By Joe Kukura : sfist – excerpt
A year after the Board of Supervisors forced a proposed 27-story residential tower back to the drawing board, a YIMBY lawsuit against the city has also been forced back to the drawing board, with most of its charges tossed out.
Last Wednesday was the one-year anniversary of a somewhat notorious San Francisco Board of Supervisors vote in favor of an an appeal that denied plans for a 27-story residential high-rise at 469 Stevenson Street (at Sixth Street) in what is currently just a Nordstrom’s parking lot. So on the anniversary, there was a rally at City Hall (complete with gravestones commemorating the development), which the SF Standard described as “Happy One-Year Anniversary to SF’s Peak NIMBY Moment.” But this was not an organic protest, it was more of a campaign stunt handled by the Yes on Prop D campaign.
But also last week, something far more significant happened with the fate of that particular project. The pro-development group SF YIMBY brought a lawsuit against the city in January over the denial, arguing the denial violated that state’s California Environmental Quality Act (CEQA) and the Housing Accountability Act (HAA). But last week, it was revealed as reported by the San Francisco Business Times that a San Francisco Superior Court judge pretty much threw out the entire lawsuit.
The Business Times sums up the decision by saying “None of the laws referenced by SF YIMBY, including the HAA and Senate Bill 330, which also seeks to streamline housing development, can apply to the Stevenson project until it completes adequate environmental review under CEQA, the judge wrote.”…

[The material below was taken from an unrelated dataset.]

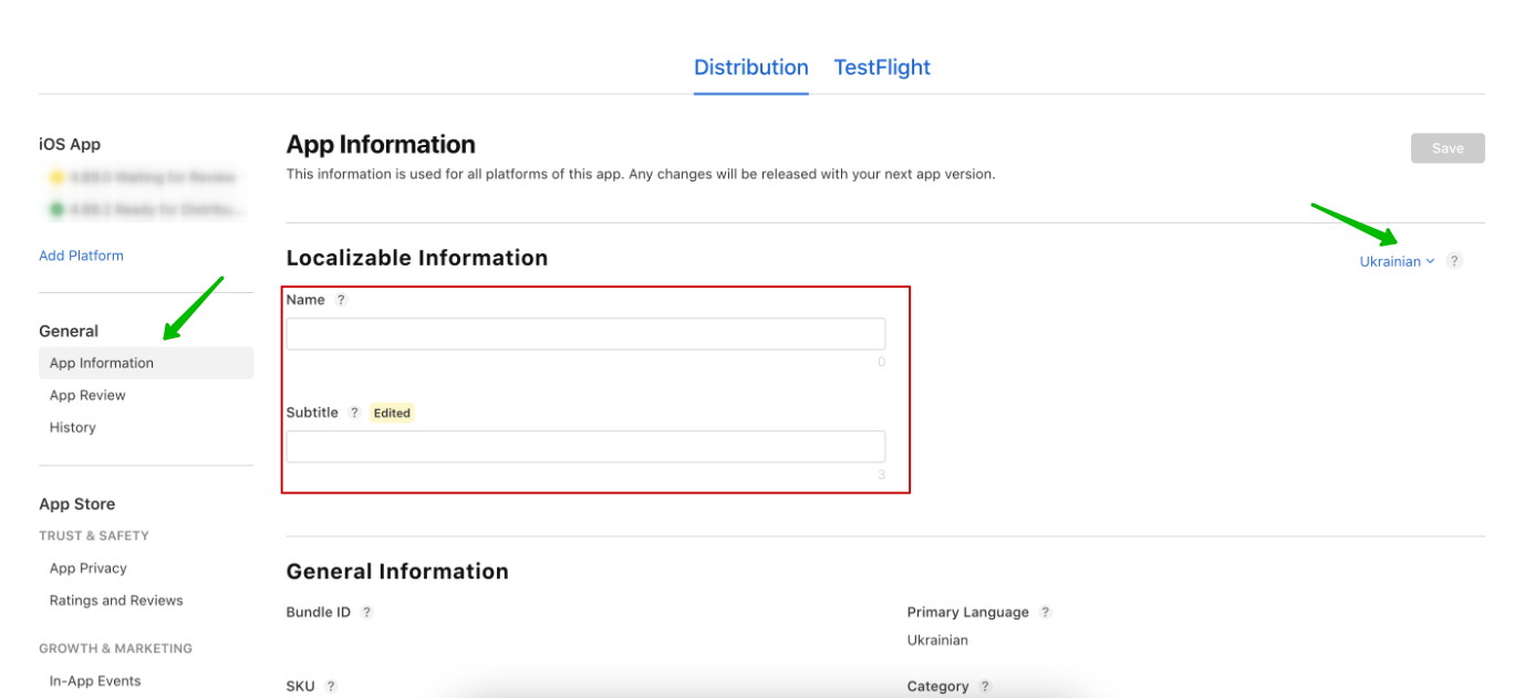 3. Select the desired languages from the “Not Localized” list, then fill in the Name and Subtitle fields.

It’s important to remember the supervisors did not “kill” the project, they merely sent it back asking for a better seismic plan. And we should recall this was just four months after Miami’s Surfside condominium collapse that killed 98 people. The developer Build Inc is indeed working on another plan for the property, with seismic upgrades, and it may or may not get appealed again to the board…(more)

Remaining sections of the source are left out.